───── Material for the task ─────

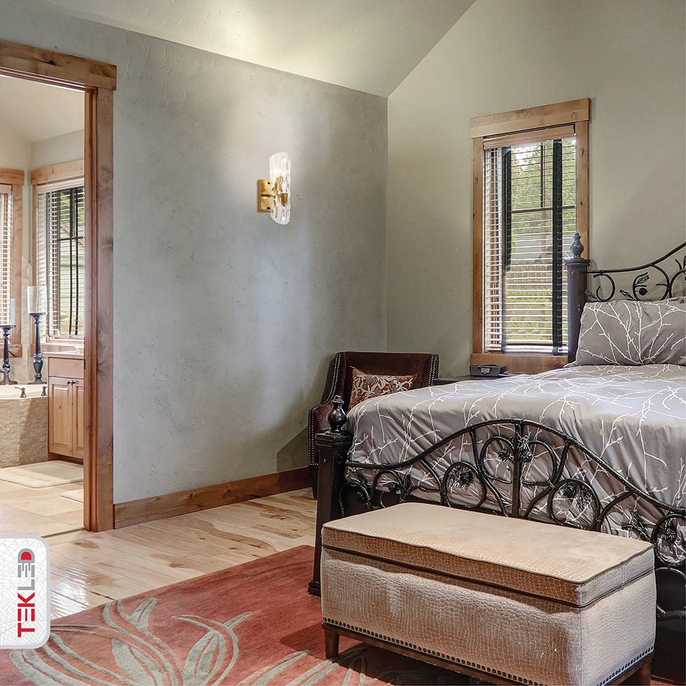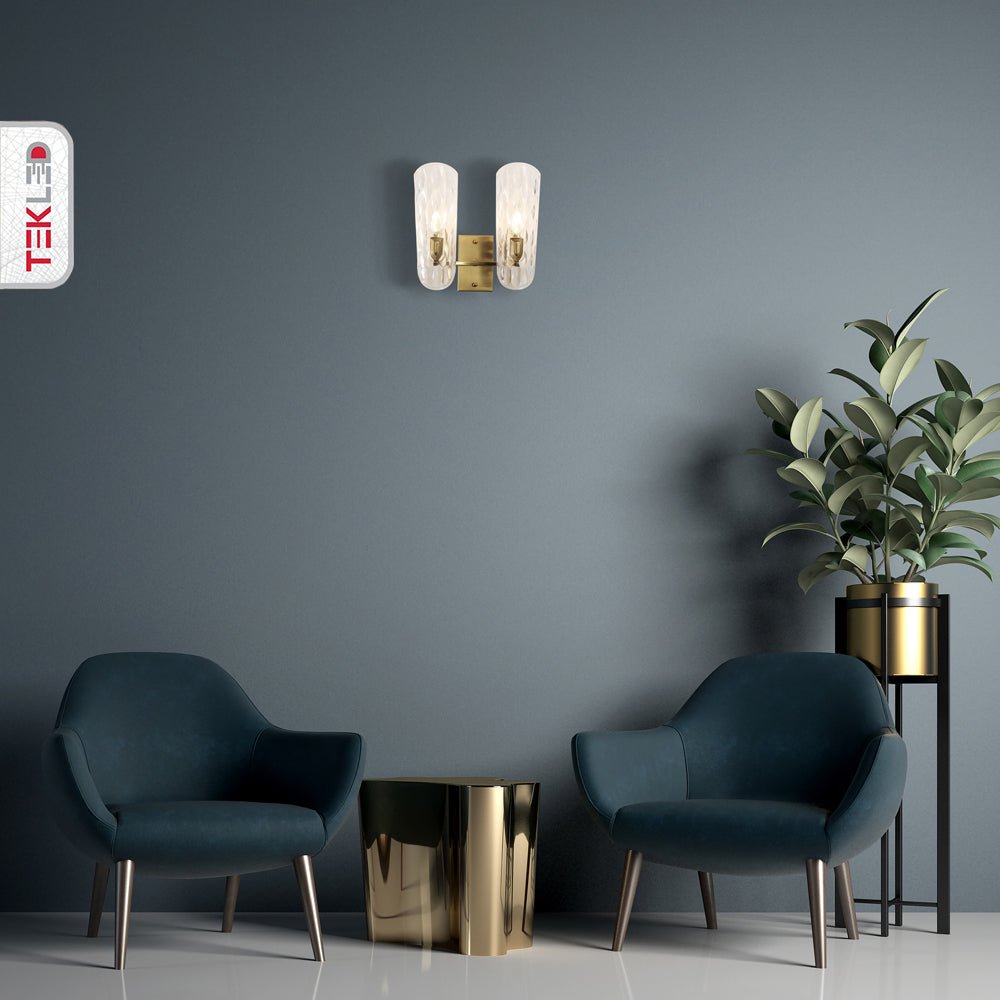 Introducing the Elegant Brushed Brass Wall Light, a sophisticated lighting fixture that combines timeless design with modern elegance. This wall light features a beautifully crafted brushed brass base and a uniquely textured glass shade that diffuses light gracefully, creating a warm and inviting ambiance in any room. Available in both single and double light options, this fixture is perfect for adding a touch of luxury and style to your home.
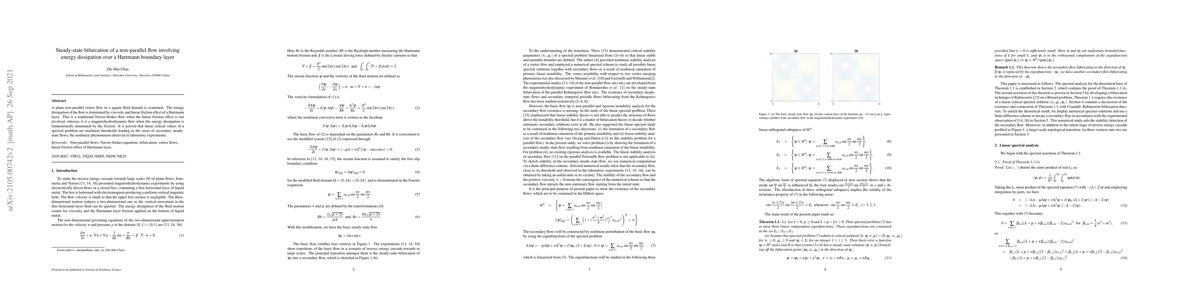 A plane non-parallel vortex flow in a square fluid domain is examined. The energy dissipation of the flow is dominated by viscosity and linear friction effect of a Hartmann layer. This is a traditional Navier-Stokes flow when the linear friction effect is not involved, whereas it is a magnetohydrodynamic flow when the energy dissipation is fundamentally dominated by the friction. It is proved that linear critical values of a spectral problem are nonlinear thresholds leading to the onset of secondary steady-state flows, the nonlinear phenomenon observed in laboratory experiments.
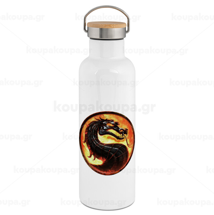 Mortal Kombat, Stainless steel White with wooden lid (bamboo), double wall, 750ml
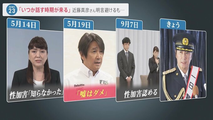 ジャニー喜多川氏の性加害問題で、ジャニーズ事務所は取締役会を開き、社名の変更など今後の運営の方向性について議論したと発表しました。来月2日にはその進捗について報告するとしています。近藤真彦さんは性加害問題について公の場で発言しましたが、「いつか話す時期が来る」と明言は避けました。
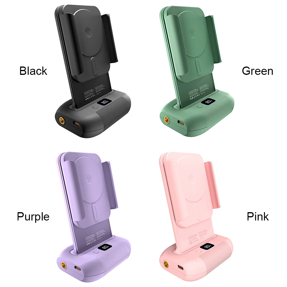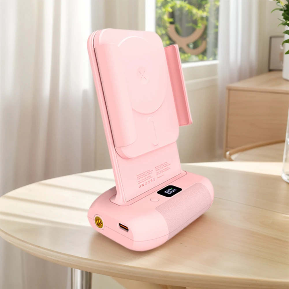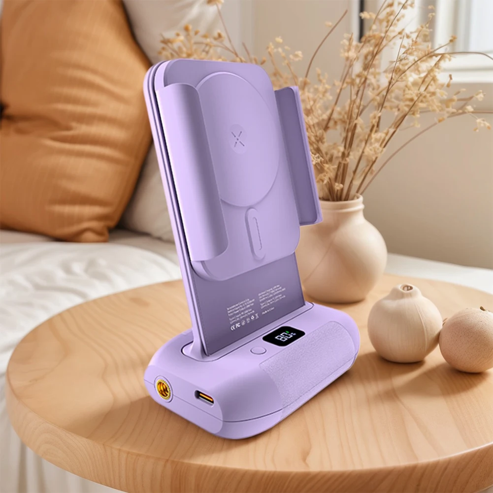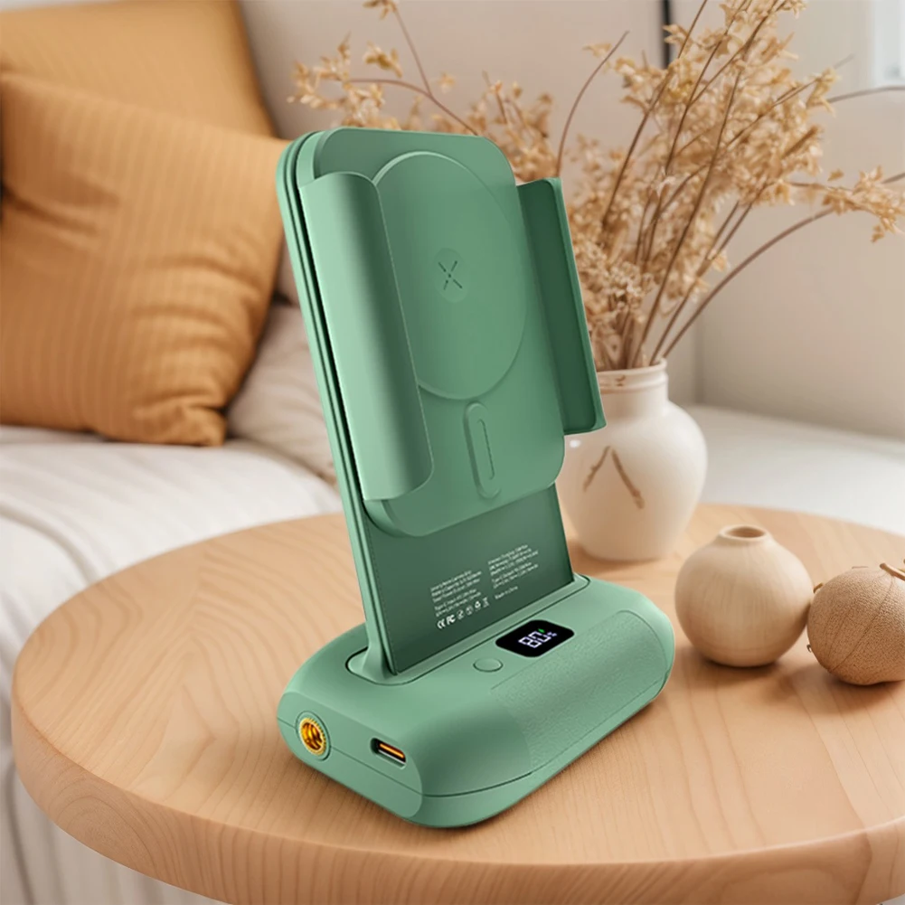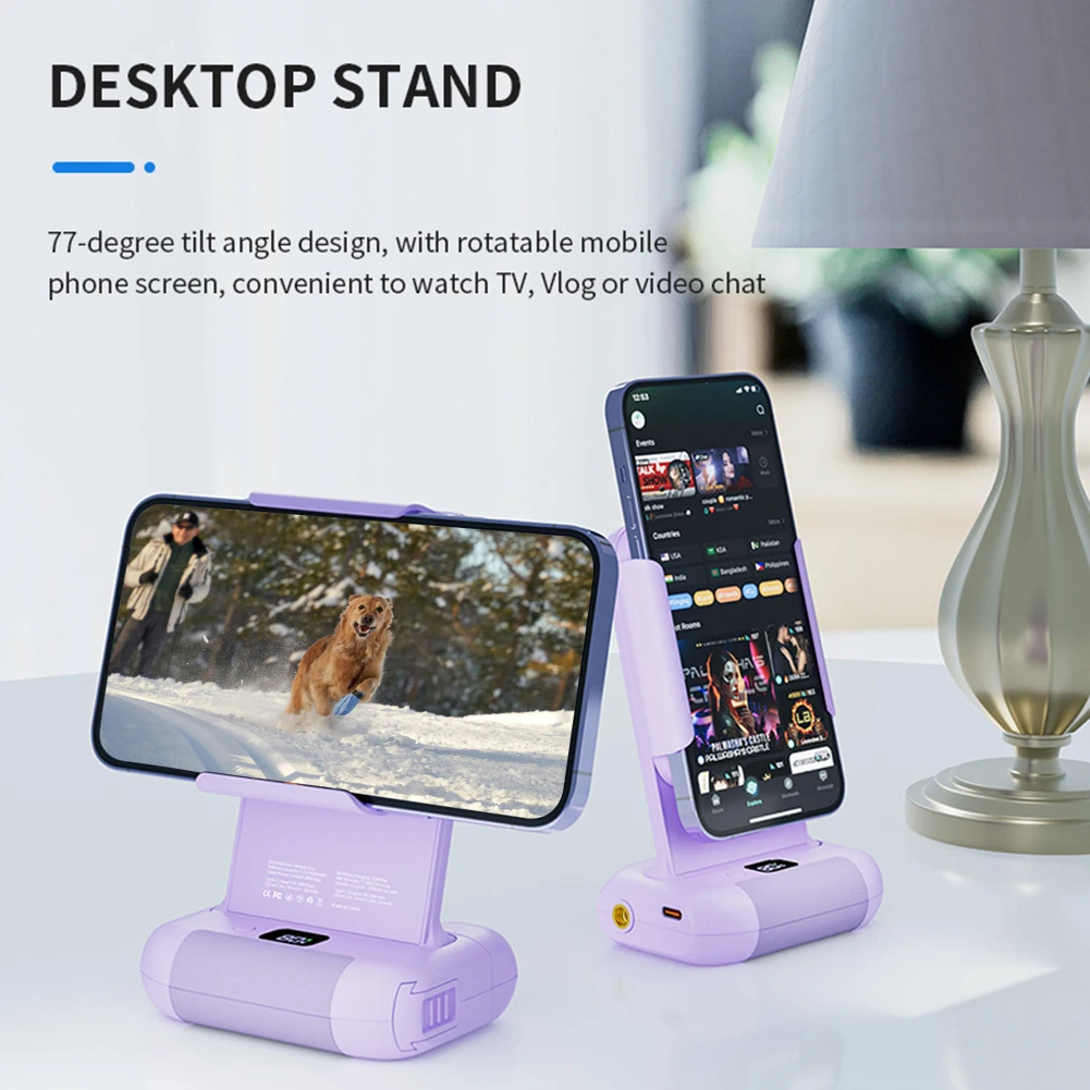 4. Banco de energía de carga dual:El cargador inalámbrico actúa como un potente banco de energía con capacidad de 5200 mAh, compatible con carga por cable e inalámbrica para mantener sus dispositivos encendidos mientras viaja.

─────

- _What is required_
Output precisely the lines in the material above from the line containing "Mortal Kombat, Stainless" through its last line, and omit pictures.

- _Response to this task_
 Mortal Kombat, Stainless steel White with wooden lid (bamboo), double wall, 750ml
 ジャニー喜多川氏の性加害問題で、ジャニーズ事務所は取締役会を開き、社名の変更など今後の運営の方向性について議論したと発表しました。来月2日にはその進捗について報告するとしています。近藤真彦さんは性加害問題について公の場で発言しましたが、「いつか話す時期が来る」と明言は避けました。
 4. Banco de energía de carga dual:El cargador inalámbrico actúa como un potente banco de energía con capacidad de 5200 mAh, compatible con carga por cable e inalámbrica para mantener sus dispositivos encendidos mientras viaja.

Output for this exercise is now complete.